Saturn's icy moon Enceladus' decade-long frosty eruptions can be explained by a network of slots under the ice, according to a new study of the moon's plumbing.
A computer model by Edwin Kite from the University of Chicago and Allan Rubin from Princeton University suggest that the erupting fissures, known as "tiger stripes", sit atop slots that connect to oceans beneath the surface. These slots fill and empty as Saturn's gravitational pull drags the liquid around, and blast geysers through the surface.
American planetary scientist Carolyn Porco and head of Cassini’s imaging science team said she was "very happy" to see the explanation that "brings to the fore a process that had escaped notice".
That tides are behind Enceladus' geysers isn't a new idea. Just as the Moon exerts a tidal force on our oceans, so does Saturn on its moons.
The Cassini spacecraft has seen geysers erupting on Saturn’s sixth largest moon Enceladus for more than 10 years, but how they're sustained – and why the cracks don't clog up with ice – has remained a mystery.

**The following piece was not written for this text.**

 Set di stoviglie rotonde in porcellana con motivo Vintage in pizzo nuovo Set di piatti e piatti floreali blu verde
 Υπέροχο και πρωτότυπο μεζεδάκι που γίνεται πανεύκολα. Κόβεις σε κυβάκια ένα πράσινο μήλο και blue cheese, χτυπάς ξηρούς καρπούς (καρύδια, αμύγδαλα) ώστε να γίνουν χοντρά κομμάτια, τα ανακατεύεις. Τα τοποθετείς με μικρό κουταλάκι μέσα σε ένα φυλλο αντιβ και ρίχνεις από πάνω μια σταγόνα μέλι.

Kite and Rubin were particularly interested in the moon's weird timing between maximum tides and eruptions. Some eruptions peaked five hours later than they should have, even when taking into account the 40 minutes needed for the icy particles to reach Cassini's orbiting altitude.

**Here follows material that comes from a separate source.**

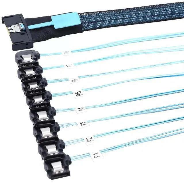 Versatile Connectivity: Converts MCIO 8X SFF-8654 8i interface to 8x SATA 7P left female connectors, ideal for various hardware configurations.

The continual eruption was another stumper. At various points of its orbit around Saturn, the tiger stripes should clamp shut. But they don't. Something must be keeping them open.

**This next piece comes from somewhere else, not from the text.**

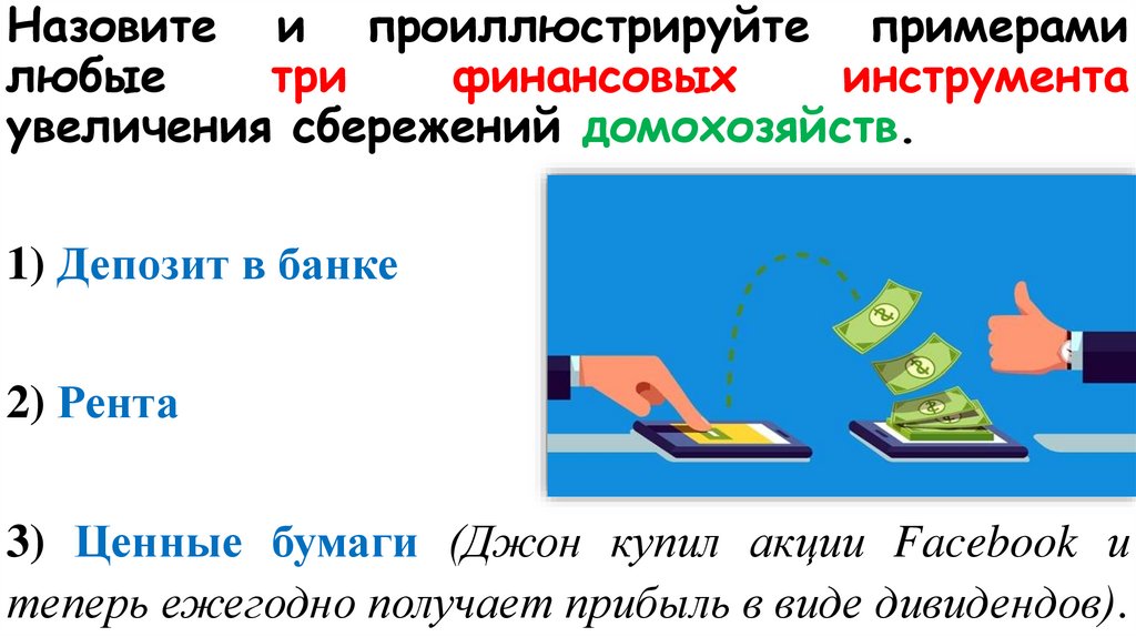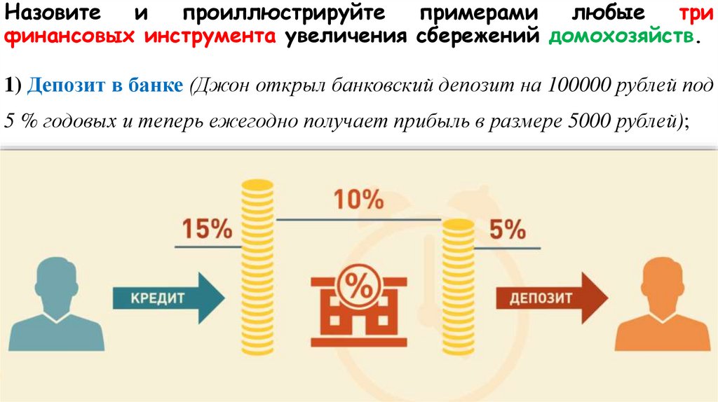1) Депозит в банке (Джон открыл банковский депозит на 100000 рублей под

So the pair modelled a 500-kilometre icy moon with a subsurface ocean and fissures – a la Enceladus – but added slots beneath the fissures, which were connected to the underlying ocean.
The slots were partially filled with water, but as Saturn's gravity jerked the oceans around, they overflowed into the fissures and erupted as plumes of ice and water vapour.
Wide slots, they found, responded quickly to tidal forces to produce eruptions, whereas narrow ones weren't so fast to fill.
Tidal forces turned water motion into heat, which not only kept the cracks from freezing over, but produced eruptions that matched the five-hour lag. This, Porco says, is "the best thing in my mind about this new work".
And it's not just a short-term effect. The model, published in the Proceedings of the National Academy of Sciences, suggest that the ocean-surface connection may be sustained not for decades, but for millions of years.